◆ **BRIEF**
Every line below from the one with "21 февраля. Начало" through the one with "证券之星消息,截至2025年" should be retyped exactly, both ends included; no other lines and no pictures.

◆ **SUPPLIED DATA**
____
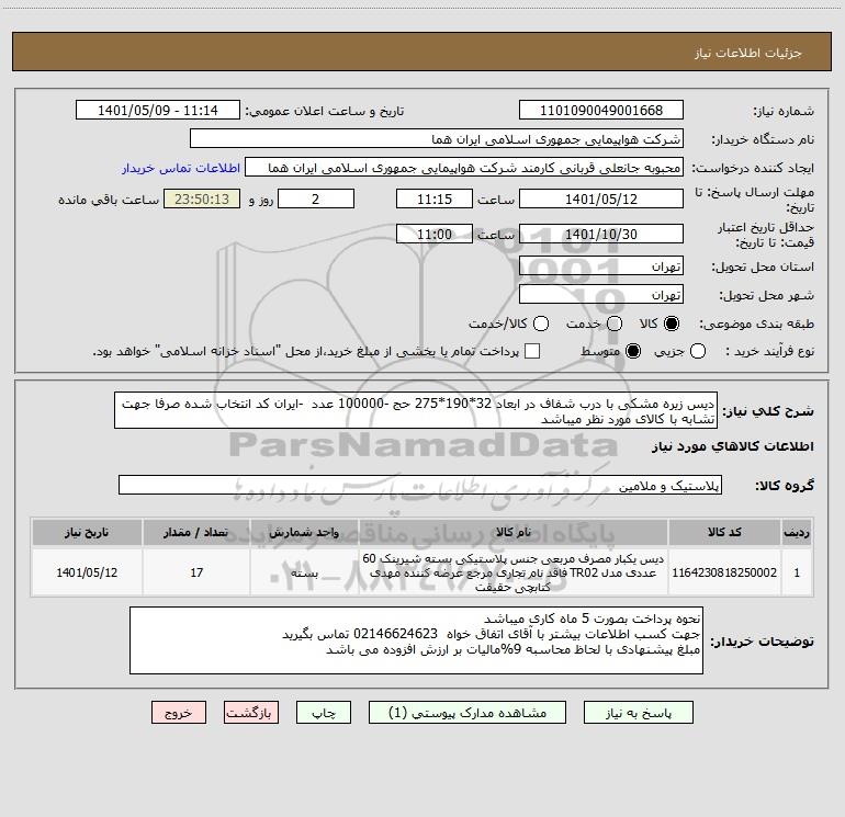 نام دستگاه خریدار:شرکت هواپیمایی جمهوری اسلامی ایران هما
____
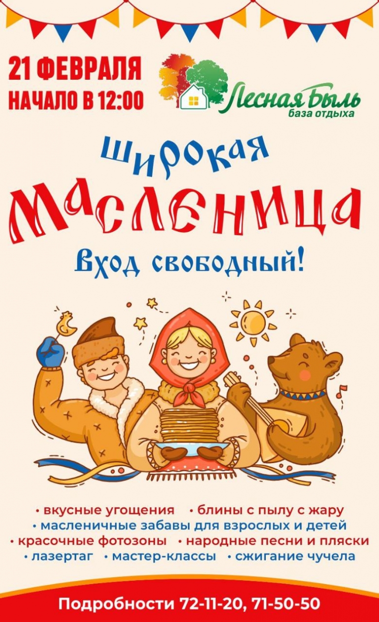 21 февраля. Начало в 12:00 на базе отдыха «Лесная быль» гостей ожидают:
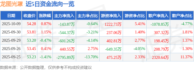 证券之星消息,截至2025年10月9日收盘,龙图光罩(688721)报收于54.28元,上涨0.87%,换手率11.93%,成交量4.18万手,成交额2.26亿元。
____
◆ **FINISHED EXERCISE**
 21 февраля. Начало в 12:00 на базе отдыха «Лесная быль» гостей ожидают:
 证券之星消息,截至2025年10月9日收盘,龙图光罩(688721)报收于54.28元,上涨0.87%,换手率11.93%,成交量4.18万手,成交额2.26亿元。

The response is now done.